> [TASK REQUIREMENTS] Although the records contain pictures, only their text should be set down, exactly as written.

[Saved entries]
◇ ◇ ◇ ◇

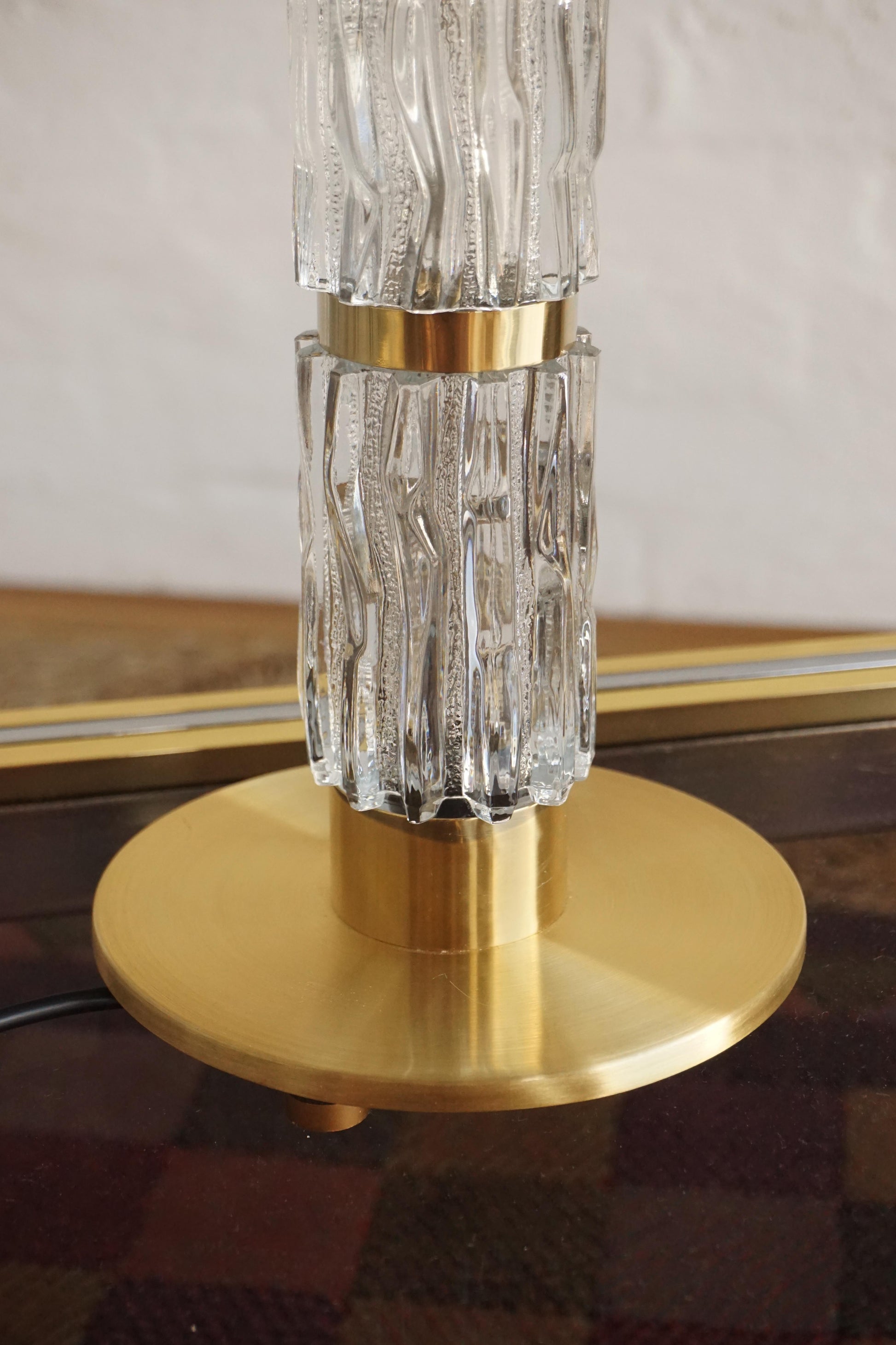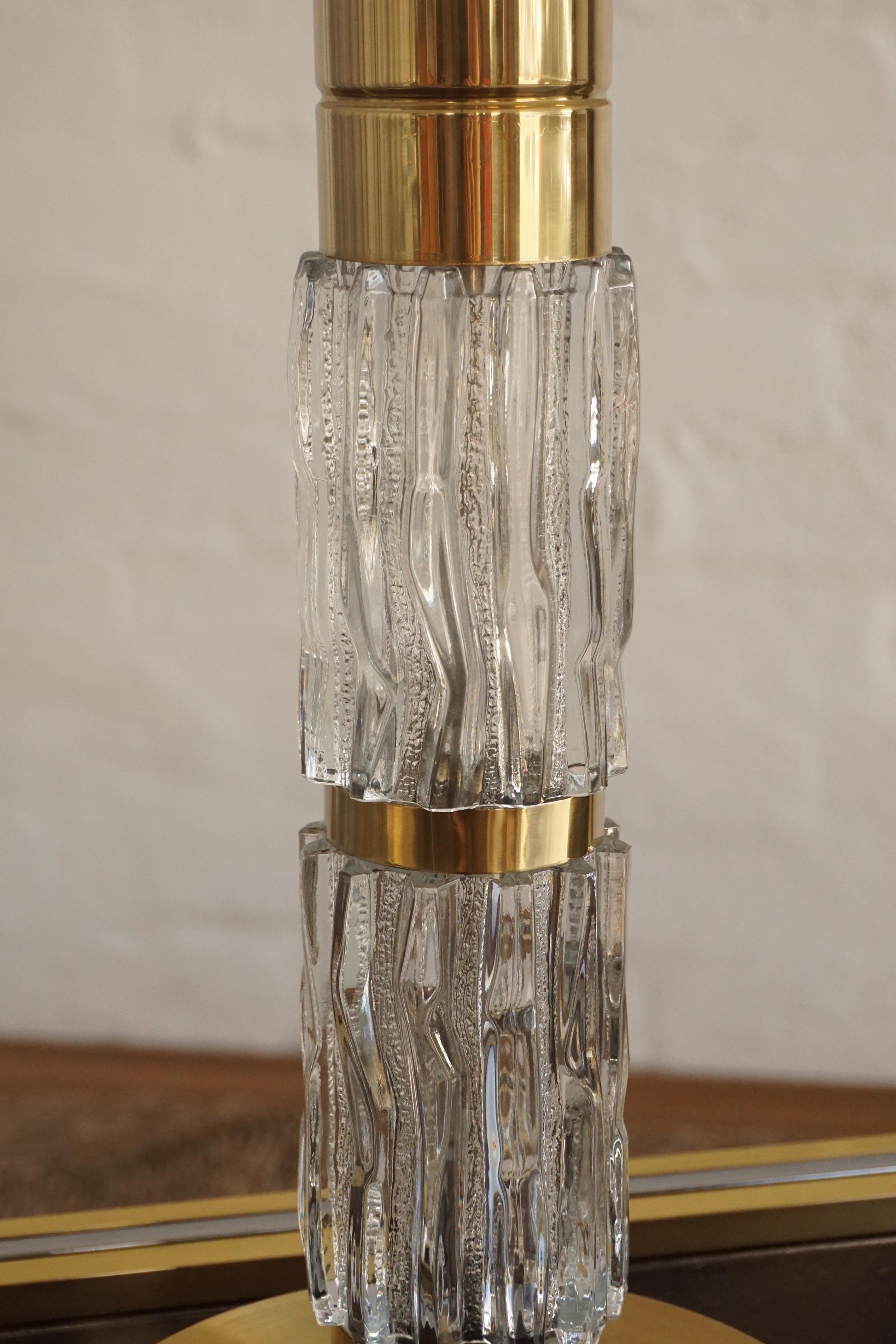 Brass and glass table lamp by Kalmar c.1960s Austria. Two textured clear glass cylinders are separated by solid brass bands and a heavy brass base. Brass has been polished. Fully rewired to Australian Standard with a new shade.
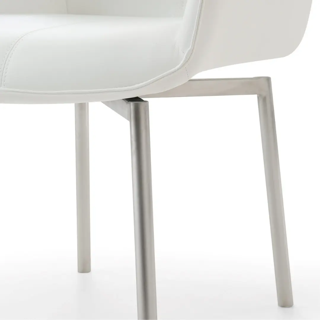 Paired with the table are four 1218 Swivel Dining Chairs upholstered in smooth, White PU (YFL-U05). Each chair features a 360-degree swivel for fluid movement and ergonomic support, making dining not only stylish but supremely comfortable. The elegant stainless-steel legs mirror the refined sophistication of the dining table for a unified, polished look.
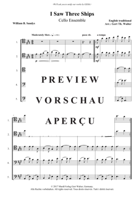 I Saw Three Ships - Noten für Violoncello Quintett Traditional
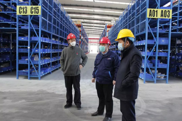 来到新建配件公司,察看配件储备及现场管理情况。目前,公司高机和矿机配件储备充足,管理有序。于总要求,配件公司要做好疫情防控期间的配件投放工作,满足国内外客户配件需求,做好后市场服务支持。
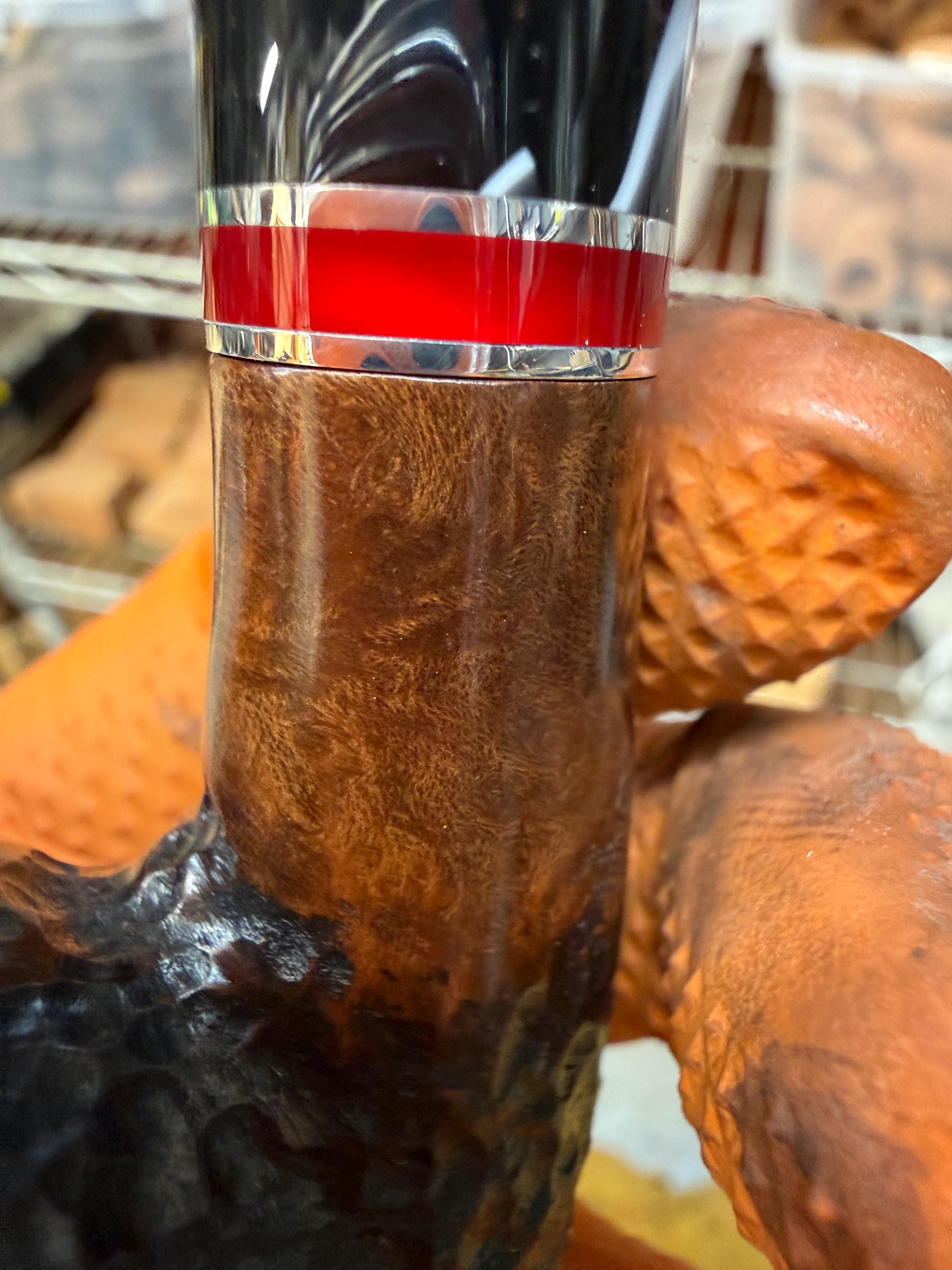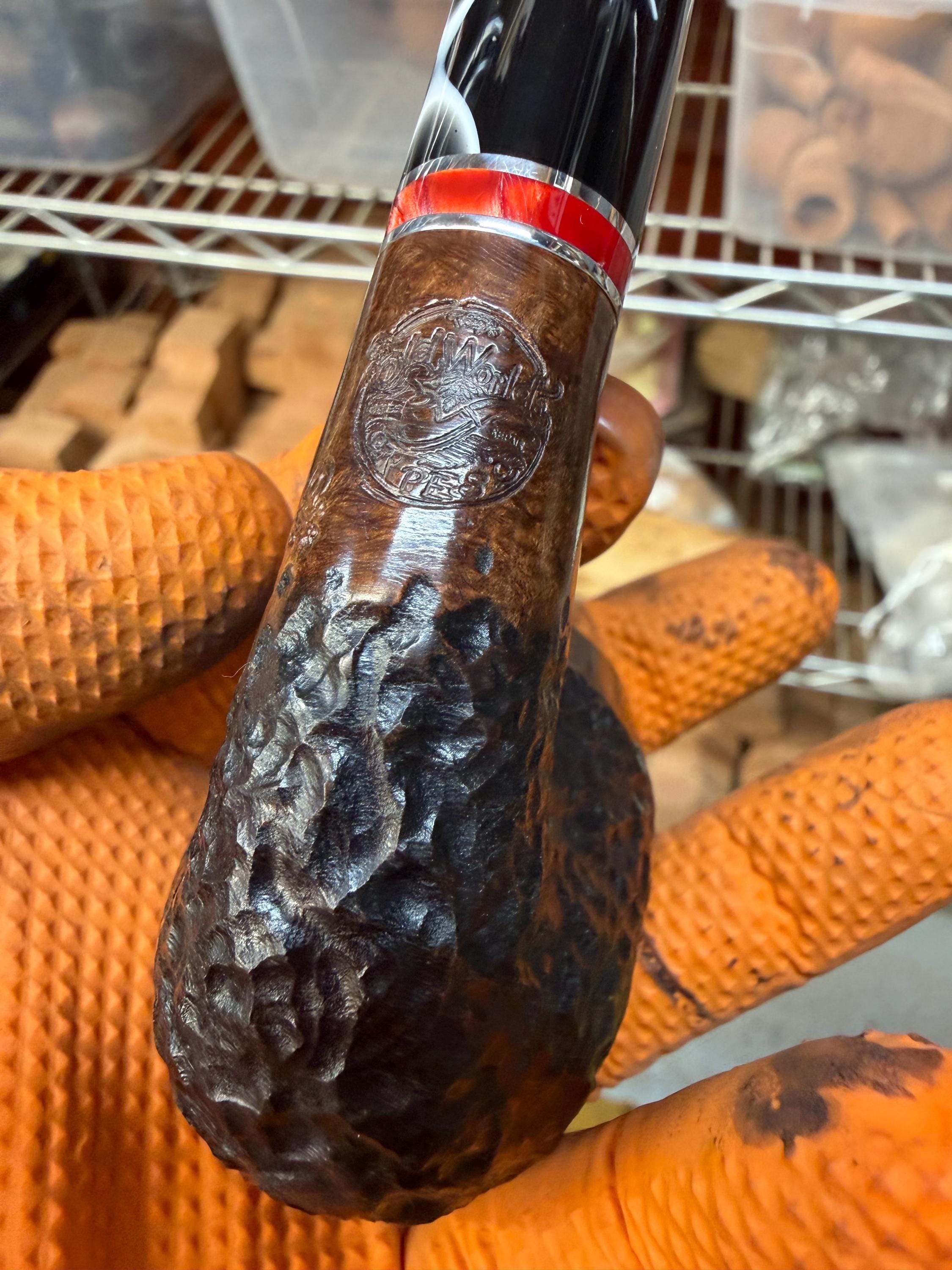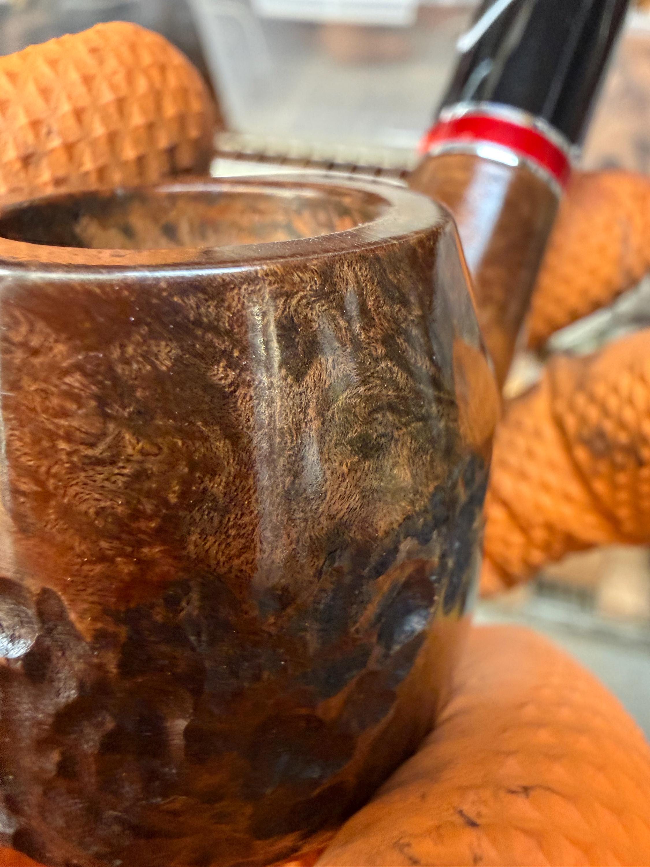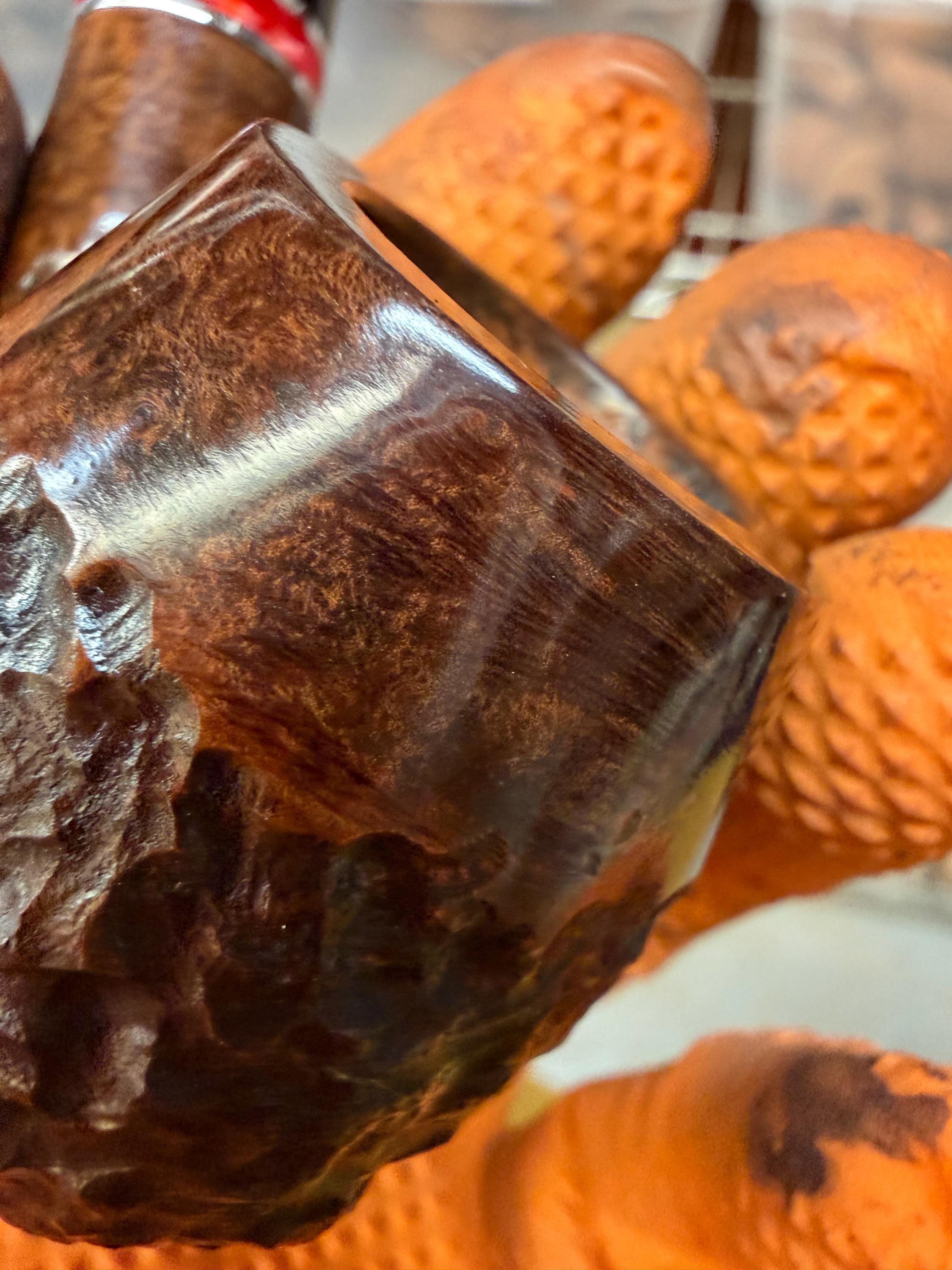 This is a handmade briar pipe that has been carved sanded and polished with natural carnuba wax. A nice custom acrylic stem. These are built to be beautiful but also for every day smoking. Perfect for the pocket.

◇ ◇ ◇ ◇

> [FINISHED EXERCISE]
 Brass and glass table lamp by Kalmar c.1960s Austria. Two textured clear glass cylinders are separated by solid brass bands and a heavy brass base. Brass has been polished. Fully rewired to Australian Standard with a new shade.
 Paired with the table are four 1218 Swivel Dining Chairs upholstered in smooth, White PU (YFL-U05). Each chair features a 360-degree swivel for fluid movement and ergonomic support, making dining not only stylish but supremely comfortable. The elegant stainless-steel legs mirror the refined sophistication of the dining table for a unified, polished look.
 I Saw Three Ships - Noten für Violoncello Quintett Traditional
 来到新建配件公司,察看配件储备及现场管理情况。目前,公司高机和矿机配件储备充足,管理有序。于总要求,配件公司要做好疫情防控期间的配件投放工作,满足国内外客户配件需求,做好后市场服务支持。
 This is a handmade briar pipe that has been carved sanded and polished with natural carnuba wax. A nice custom acrylic stem. These are built to be beautiful but also for every day smoking. Perfect for the pocket.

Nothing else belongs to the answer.